Pandemic takes its toll on mental health of South Yorkshire emergency services staff with 11 percent more staff taking time off work
The toll that the coronavirus pandemic has taken on South Yorkshire emergency service workers has been laid bare in new information collected by the Local Democracy Reporting Service.
The number of staff from Barnsley, Rotherham, Sheffield and Doncaster hospitals, as well as South Yorkshire Police, South Yorkshire Fire and Rescue and Yorkshire Ambulance service who took time off work for a mental-health related issue rose by 11 per cent from 2019 to 2020.
Though information revealed under the Freedom of Information Act, it was disclosed that in 2019, 4,094 staff took time off work for mental-health related issued, which rose to 4,580 by 2020.
Only South Yorkshire Fire and Rescue Service bucked the trend, with 38 per cent fewer staff off sick for mental health conditions in 2020, compared to 2019.
The percentage of staff at Barnsley Hospital was the highest, with 26 per cent more staff taking time off in 2020 compared to 2019.
At Doncaster’s hospital the figure is three percent, at Sheffield teaching Hospitals NHS Trust the 13 per cent more staff took time off, and in Rotherham the difference is two percent.
At Yorkshire Ambulance Service, 22 percent more staff took time off last year.
For South Yorkshire Police, 168 members of staff took time off for mental health reasons in 2020, at a loss of 5776 working days.
Although figures for the whole workforce were not provided, previous data shows that 103 South Yorkshire Police officers took time off in 2019.
A spokesperson for the GMB Union said that sickness absence rates across Yorkshire are higher than the national average, and that the union is concerned about staff suffering form burnout, exhaustion and PTSD.
The spokesperson added: “It’s now more than a year since the start of the pandemic and no one can deny the impact it has had on all workers within the NHS.
“Sickness absence rates in Yorkshire continue to be above the national average despite vaccine rollout gaining pace.
“GMB is still concerned about the Government’s announcement of mandatory vaccination for social care, with reports that some local NHS Trusts are looking to do the same.

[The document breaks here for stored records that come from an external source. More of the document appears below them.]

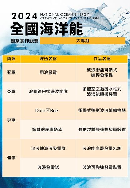 海洋能源競賽的開始:自民國100年起,海洋大學開始舉辦海洋能源相關競賽。這競賽涵蓋了波能和流能轉換器的設計、效率計算、成本和安裝等領域。這個競賽已經持續多年,並取得了豐碩的成果。
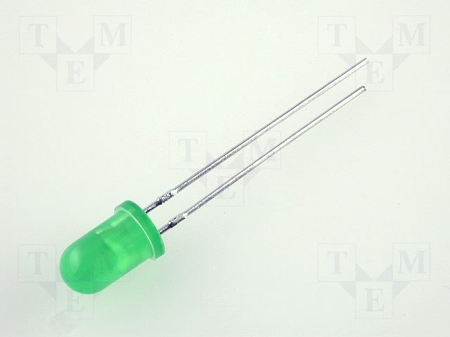 LED; 5мм; зеленый; 170÷300мкд; 15°; Поверхность: выпуклая |
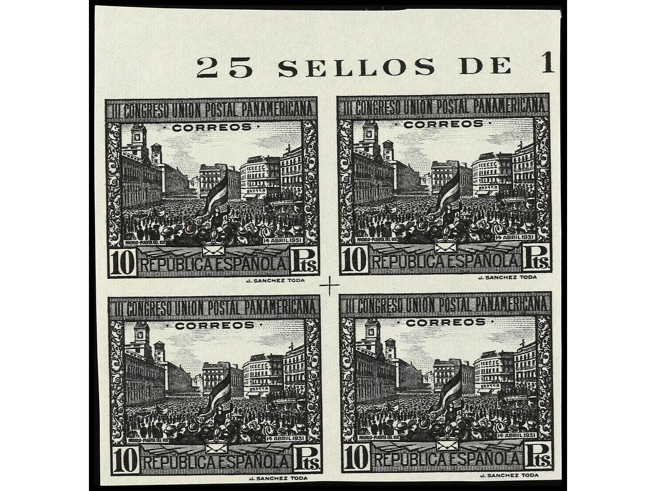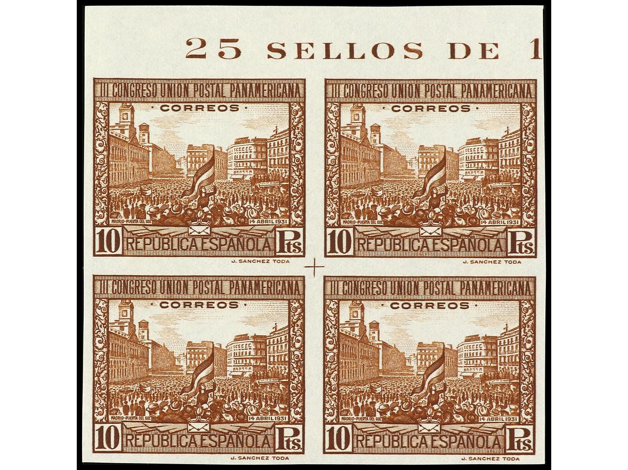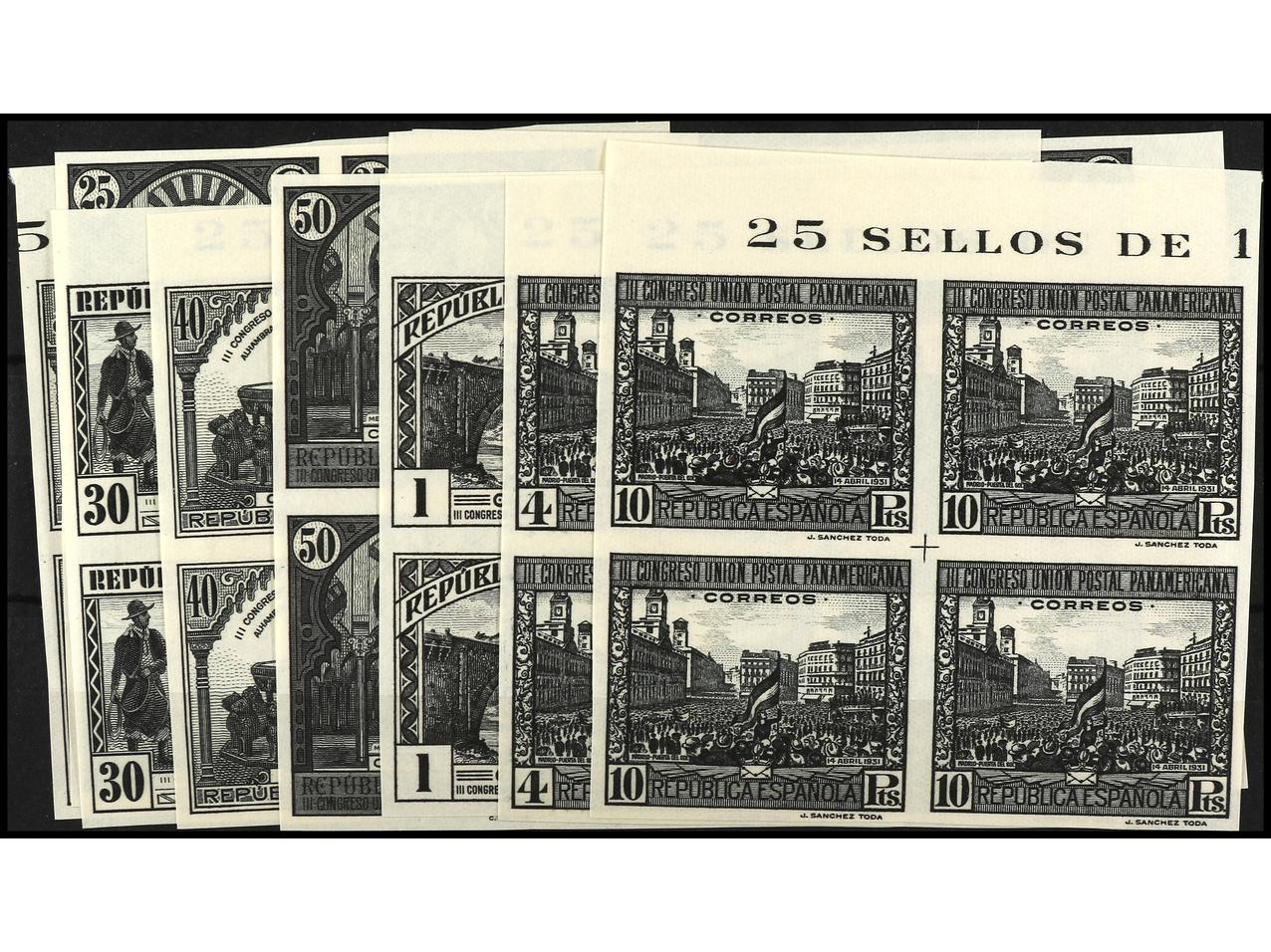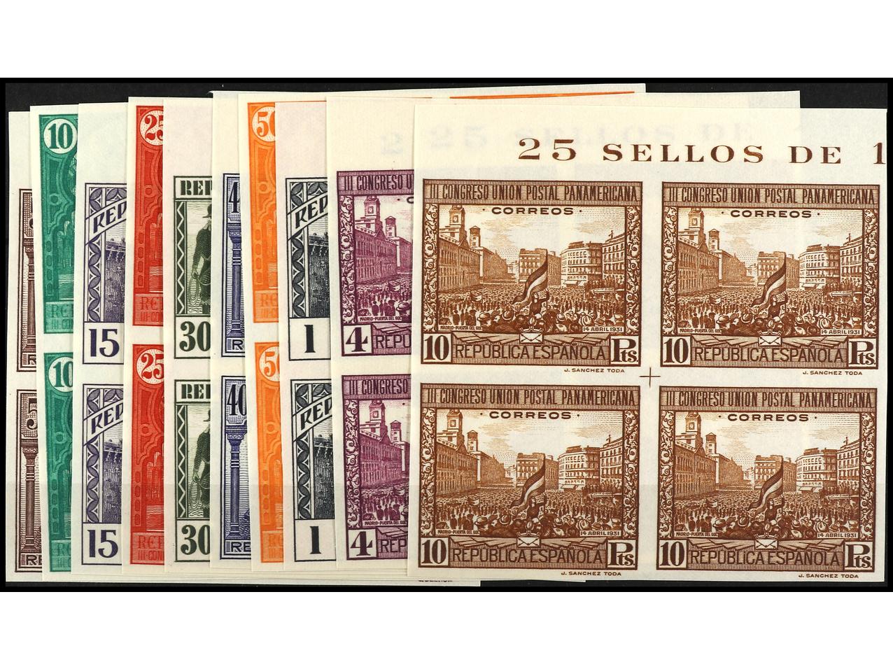 ESPAÑA. UNIÓN POSTAL PANAMERICANA. ENSAYOS DE PLANCHA. Serie completa de 10 valores sin dentar en bloques de cuatro. (Gálvez 2900/09). (Image1) (Image2)
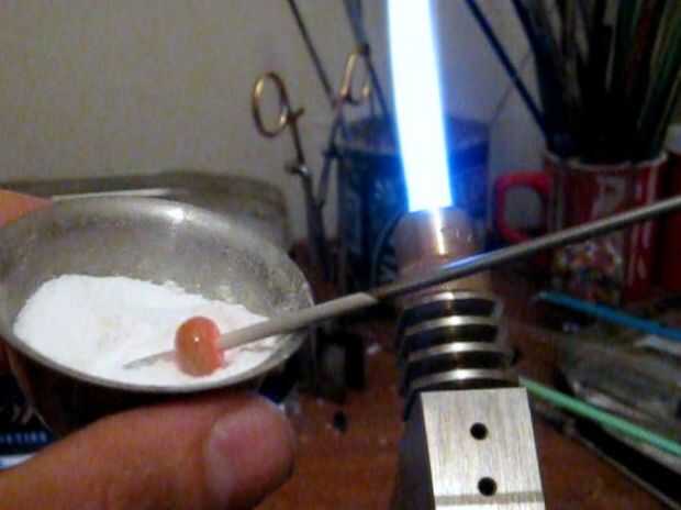 - Si el grano es asimétrica, calor a fundido en la llama, rodando constantemente el mandril y dejar enfriar
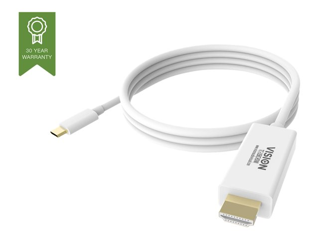The Vision USB-C 3.1 cable is a high-performance external video adapter designed to connect your USB-C equipped device to an HDMI display. With support for up to 3840 x 2160 resolution at 60 Hz, it delivers a smooth and vibrant video experience, ideal for professional presentations, streaming, and gaming. The cable features a male USB-C connector and a male HDMI connector, providing a seamless link between devices without the need for additional adapters. Its gold plated connectors not only enhance durability but also ensure a reliable connection and superior signal quality. Compliant with FCC standards, this 2 m cable offers both flexibility and compliance with regulatory standards, making it a smart choice for a wide range of applications.
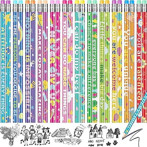 Os lápis motivacionais em massa são presentes ideais para pais e professores inspirarem e capacitarem crianças e estudantes. Eles trazem incentivo e força às mentes jovens. Esses lápis são adequados para várias ocasiões, incluindo o primeiro dia de aula, eventos de volta às aulas, formaturas e festas de aniversário de crianças.
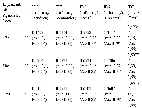Pela simples análise tabela 6, verificamos que os municípios que implementaram a Agenda 21 Local, possuem Índices de divulgação mais elevados em todas as categorias de informação. Esta maior tendência de divulgação de informação pelos municípios que implementam a Agenda 21 Local foi também encontrada nos estudos de Joseph (2010), Joseph e Taplin (2011) e Pilcher et al. (2008).
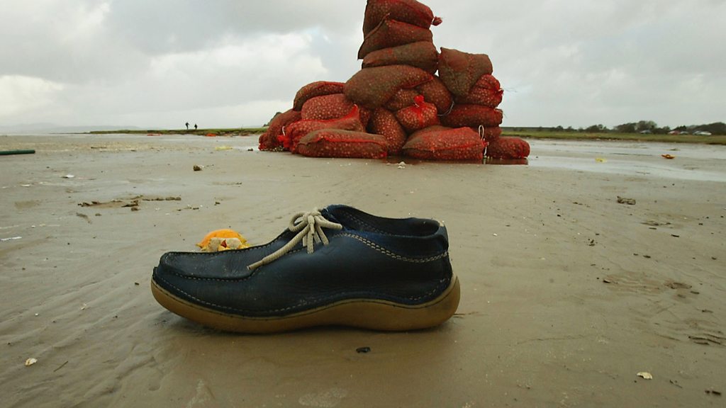 In February 2004, 23 Chinese immigrants drowned while picking shellfish in Morecambe Bay, off the coast of north-west England. Witness speaks to two of the people who helped with the rescue operation. (Photo: A lone shoe and haul of cockles on the beach in Morecambe Bay where the Chinese cockle pickers lost their lives. Credit: Chris Furlong/Getty Images)
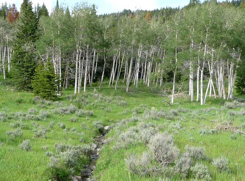 Aspen groves along the road as we were driving towards Beartooth Pass.

“Staff vaccination take up and discussions continue to be a priority, with some hospital trusts rolling out mandatory training for all managers with responsibility for sickness absence management.
“There are increasing numbers of people suffering with long covid and the list of symptoms continues to grow, with many having to take further time off work.
“These absences have been treated in a variety of ways by different employers, but overall additional support measures have not been there, leaving sick staff fighting to be paid only adding to financial pressures.
“Our members say compared to 12 months ago, working during the pandemic has had a serious negative impact on their mental health.
“From fears of taking covid home and not being able to see family and friends, to balancing work and caring responsibilities.
“With real concerns about burnout, exhaustion and PTSD GMB continues to campaign for improved access to mental health support at work.
“We are calling for a just, learning culture and for recognition, pay protection and a flexible approach to individuals suffering with long covid.”
However, hospital bosses say they have put in place a number of measures to help staff cope if they are struggling with a mental health condition.
Steve Ned, director of workforce at The Rotherham NHS Foundation Trust, said: “We take the health and wellbeing of our colleagues seriously and we have invested in a number of support options for any colleagues to access if they would find them beneficial.”
Jackie Cole, head of operations for South Yorkshire at Yorkshire Ambulance Service NHS Trust, said that he health and wellbeing of staff is taken “very seriously”, adding: “We work closely with our trade union colleagues to ensure the most appropriate initiatives are developed and we regularly signpost our staff to regional and national programmes.”
A Sheffield Teaching hospitals NHS Trust spokesperson told the local democracy reporting service that the cause of the illness is “not necessarily work related”, and that support is available for staff, such as a 24 hour telephone counselling service, calm rooms, and are creating more outdoor spaces for staff.
At South Yorkshire Fire and Rescue Service, a specialist team of staff support anyone who has experienced a traumatic incident, and has introduced an employee assistance programme that gives our staff access to confidential 24/7 support on mental health and other life-related issues.